Bülent Ecevit, Kıbrıs’a çıkarma yaptığında, bir milli kahramana dönüşmüştü. Tabii, mesele orada bitmedi. Ekonomik ambargo, uluslararası yaptırımlar, ülkemizin uzun yıllar yoksullaşmasına neden oldu. Kuzey Kıbrıs Türk Cumhuriyeti kuruldu ama tanınmayan bir devlet haline dönüştü. Kıbrıs, bir mesele olarak orada duruyor.
Peki ne yapalım?
‘Sınır güvenliği her devletin en doğal hakkıdır’ diye düşünülebilir. Suriye’deki iç savaş, Türkiye'ye terör olarak, milyonlarca yersiz yurtsuz insanın göçü ve şiddet olarak yansıyor. Bu yüzden Türkiye kendini haksızlığa uğramış hissediyor. Eğer söylendiği gibi ABD bölgeden çekilecekse, bu yeni bir dönemin başlangıcı anlamına gelecek. Hükümet, bölgedeki boşluğu doldurmak için harekete geçmeyi, başlıca çözüm olarak sunuyor. Bu yolla sınırı güvenceye almayı planladığını belirtiyor.
Bardağın boş tarafı
Bardağın boş tarafından bakalım... ABD bölgeden çekilince, İran’ın öncülüğündeki “Şii Yayı” (İran, Irak, Suriye, Lübnan) ve onlara yakın Rusya, daha güçlü bir seçenek haline dönüşecek. Türkiye’nin bu cepheyle ilişkisi, yeni bir boyut kazanacak. Örneğin İran ve Rusya, Türkiye'nin askeri harekatına karşı olduklarını açıkladılar. BM Genel Sekreteri “Suriye’de barışın askeri müdahale ile değil, siyasi bir süreç ile elde edilebileceğini” söyleyerek Türkiye’nin müdahalesine karşı çıktı. İçeride de operasyon konusunda endişeler dile getirildi.

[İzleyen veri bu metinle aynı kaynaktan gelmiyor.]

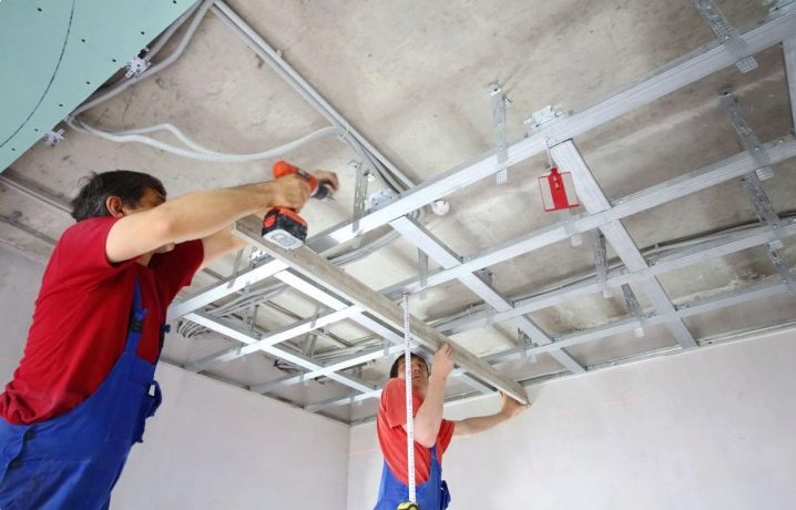 При мазилката от строителите се изисква известен натрупан опит. Този процес не може да се извърши без предварителна подготовка. Но почти всеки може да постави рамката на тавана с минимум инструменти. Основното нещо, което трябва да имате във вашия арсенал: бормашина, мозайката, отвертка и ниво. Трябва да се отбележи, че има вид таван, който изисква вниманието на професионалисти. Това е система за опънат таван. Инсталацията се извършва със специално оборудване, топлинен пистолет. Домашен майстор може самостоятелно да монтира система от окачен таван от гипсокартон, пластмаса, облицовка. А също и за овладяване на таванната конструкция на армстронг.
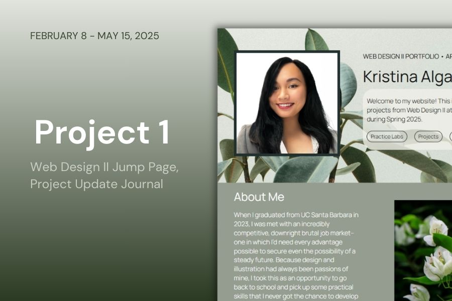 The first project for this course is my Web Design II Jump Page– the very page you’re seeing now! This website was made on WordPress.com with modified assets from the Free Plan, with the project journal being updated throughout the semester.
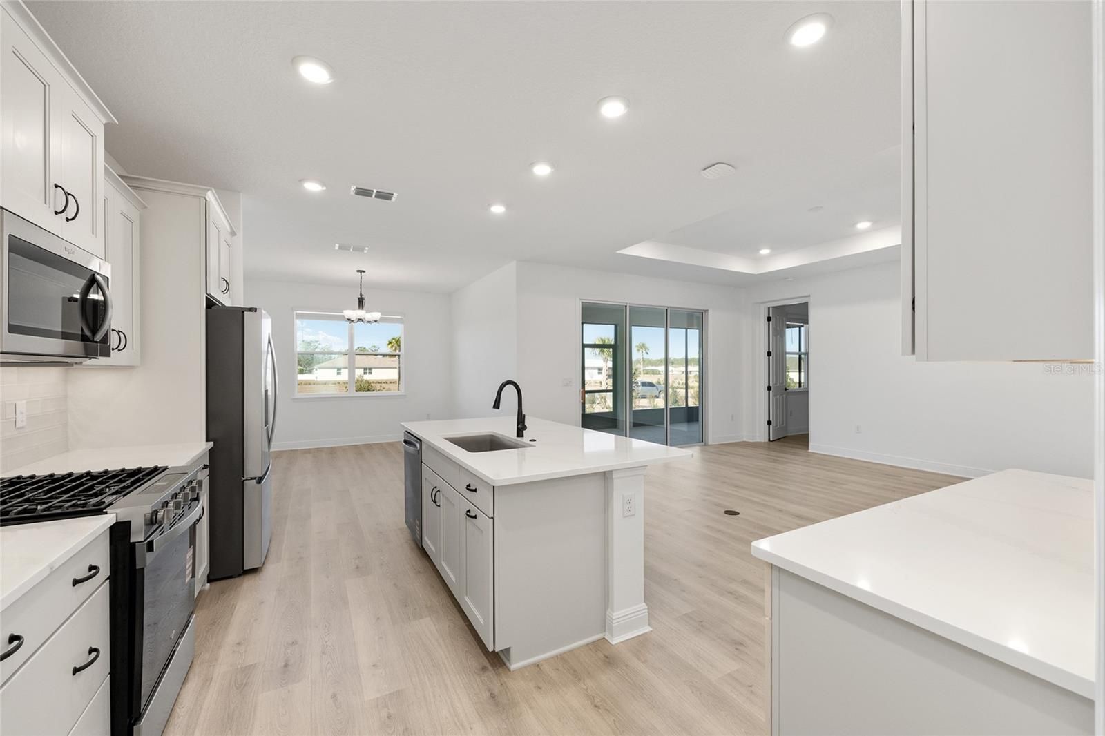 Welcome to the Livingston, a new construction home that flawlessly combines open-concept luxury with peaceful privacy. This meticulously designed home features 2 bedrooms, 2 baths, and an expansive living area that serves as the heart of the residence. The gourmet kitchen is a chef's dream, showcasing a massive quartz island, elegant shaker cabinetry, and premium stainless-steel appliances, all anchored by a light-filled Breakfast Area. For those seeking a quiet retreat, the Flex Room—enclosed by classic French doors—offers a sophisticated space for a home office or library. The sanctuary continues in the Primary Suite, where you will find a luxurious master bathroom designed for relaxation. It features a sprawling dual-sink vanity with modern black fixtures and a stunning walk-in shower finished with floor-to-ceiling tile work and a built-in bench. Throughout the home, tray ceilings and luxury vinyl flooring enhance the airy, spacious feel. Step through the sliding glass doors to the Covered Lanai and enjoy the ultimate Florida luxury: no rear neighbors, providing a serene backdrop for outdoor living. Practicality meets style with a generous Laundry Suite and a 2-car garage that includes a dedicated golf cart space. From the welcoming Covered Porch to the high-end finishes in every room, the Livingston is the perfect blend of comfort and class. On Top of the World Communities in Ocala has unmatched amenities, over 21 miles of walking trails, fitness programming, weekly entertainment, lifelong learning, golf, 175+ resident clubs and more.

Her ne kadar CHP Grubu, Meclis'te sınır ötesi harekata onay veren bir yönde oy kullansa da, Genel Başkan Kılıçdaroğlu ve CHP Sözcüsü Öztrak, Suriye'de barışın en kısa yolunun Şam ve Ankara arasında görüşmelerden geçtiğini vurguladılar. “Güvenli bölge” meselesi, ABD aradan çıktığı için doğrudan Suriye rejimi ile teması gerektirecek bir noktaya geldi. Taşlar yerinden oynadı. Paradigma değişti. Hepsinden önemlisi, ABD’nin yokluğunda PYD/PKK ile bir çatışma ihtimali daha ollası görünüyor. Böyle bir çatışma durumunda ABD’nin nasıl davranacağını da bilmiyoruz. Akıntıya kapılmadan, bin düşünüp bir adım atmanın büyük önem taşıdığı günlerden geçiyoruz.